= Randolph Fields =

American businessman (1952–1997)

Randolph Fields (29 December 1952 in Santa Monica, California – 24 February 1997 in Jersey, Channel Islands) was an Anglo-American lawyer who founded British Atlantic Airways, which later became Virgin Atlantic. After differences with Richard Branson, Fields sold his share of Virgin Atlantic in 1985, becoming a sterling millionaire. He subsequently invested much of his fortune in the short-lived Highland Express Airways, which flew from New York to Prestwick, Scotland.

Fields was born in California, and moved to London aged 9. He qualified as a lawyer, and was a member of the English Bar and California Bar.

Known in insurance circles as an expert on asbestos and environmental hazards coverage, his work involved weekly trans-Atlantic commuting where he took advantage of lifetime complimentary first class travel on Virgin Atlantic, long after being bought out.

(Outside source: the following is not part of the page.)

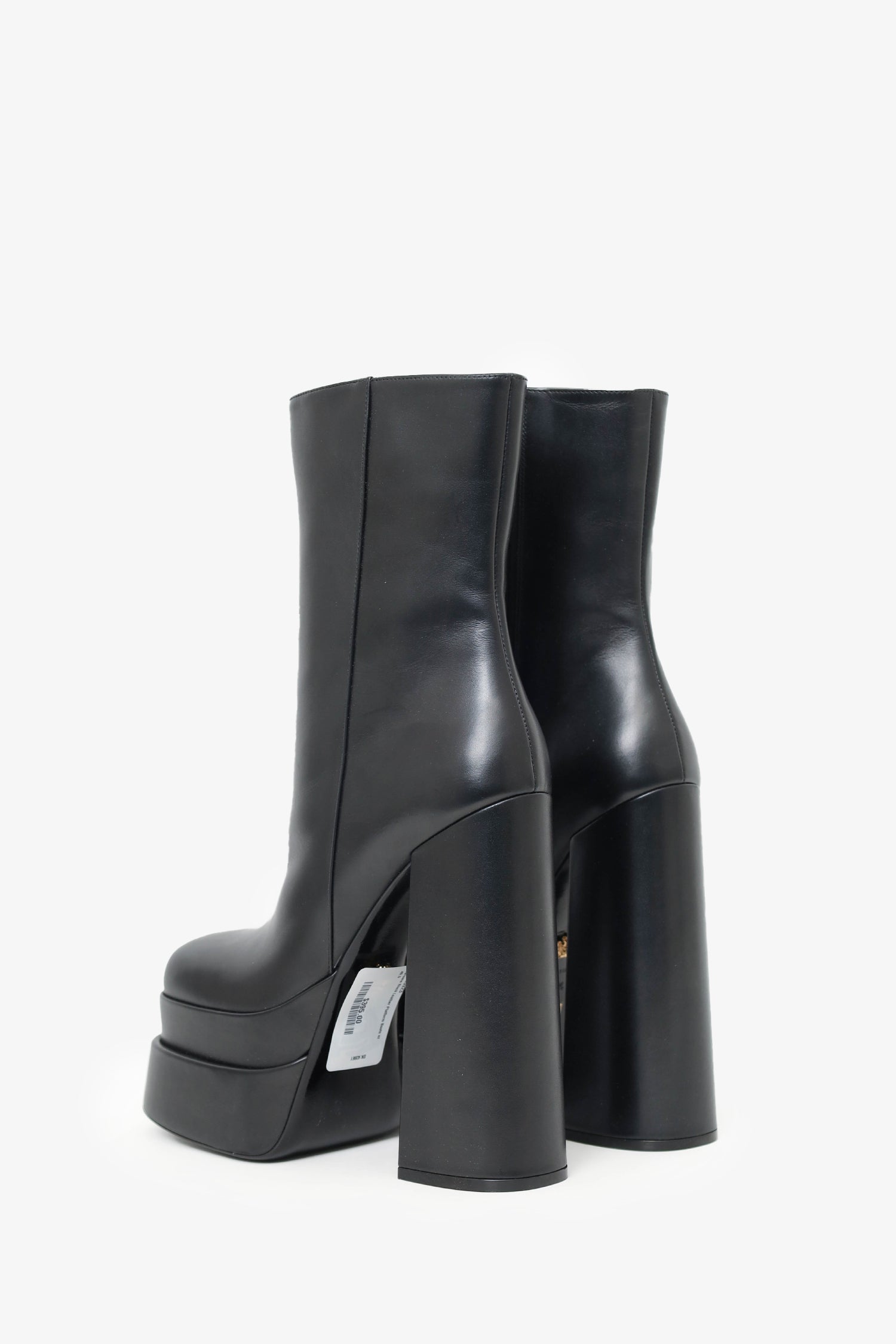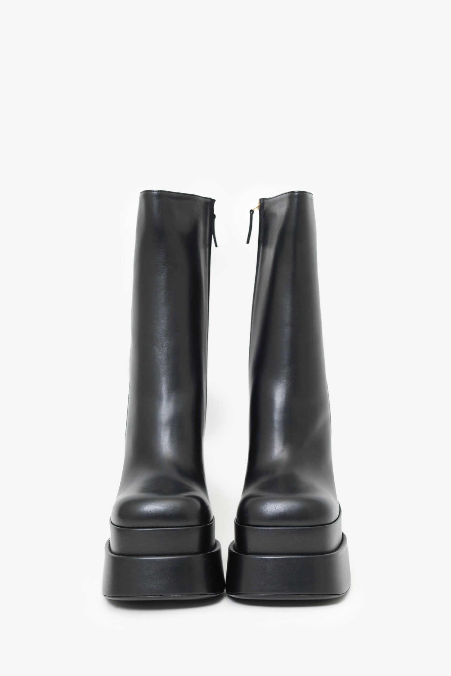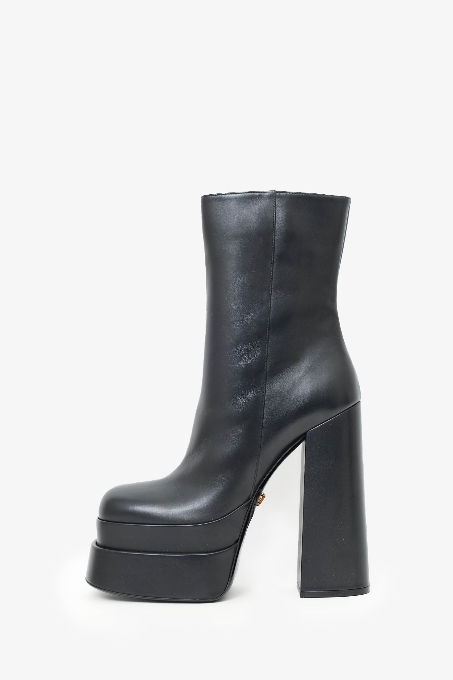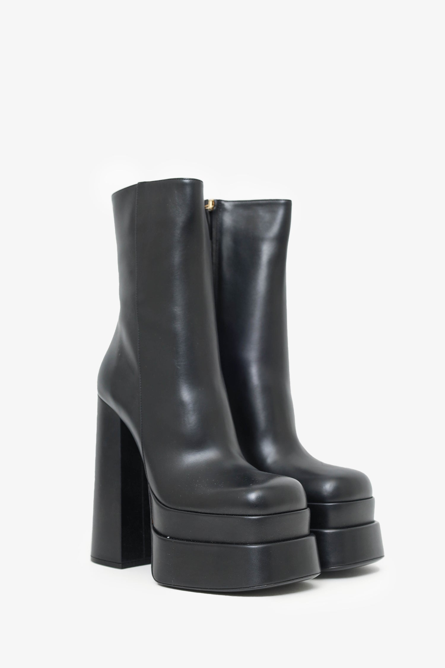 Refresh availabilityVersace Black Leather Platform Boots. Side zip closure. Round square toe. Block heel. Gold-tone hardware. Tonal stitching

Fields was also a well-known poker player on both sides of the Atlantic. Principally known as a "cash" player, Fields won a European Poker Title and was a fixture at the major poker tournaments in Las Vegas, including the World Series of Poker. Fields was an early financial backer of Phil Hellmuth.

In The Independent David Spanier wrote this assessment :

"Randolph Fields lit up any poker game he played in. Some players thought he was good value because he threw his chips into the pot with such abandon. Others recognised that beneath this swashbuckling play, Randolph had a pretty sharp mind for cards. I often saw him demolish the table by his aggressive betting in tournaments. Above all he brought a boyish enthusiasm to the game, a zest for a good gamble, which is quite rare these days."

Randolph Fields had an identical twin brother Robbie Fields, owner of Posh Boy Records. Fields' older brother is well known London-based fashion mogul Gifi Fields.

He married barrister Fiona Harvie-Smith in 1986. Their child Randolph Jr. was born eight weeks before his death. Fields died from cancer in 1997, aged 44.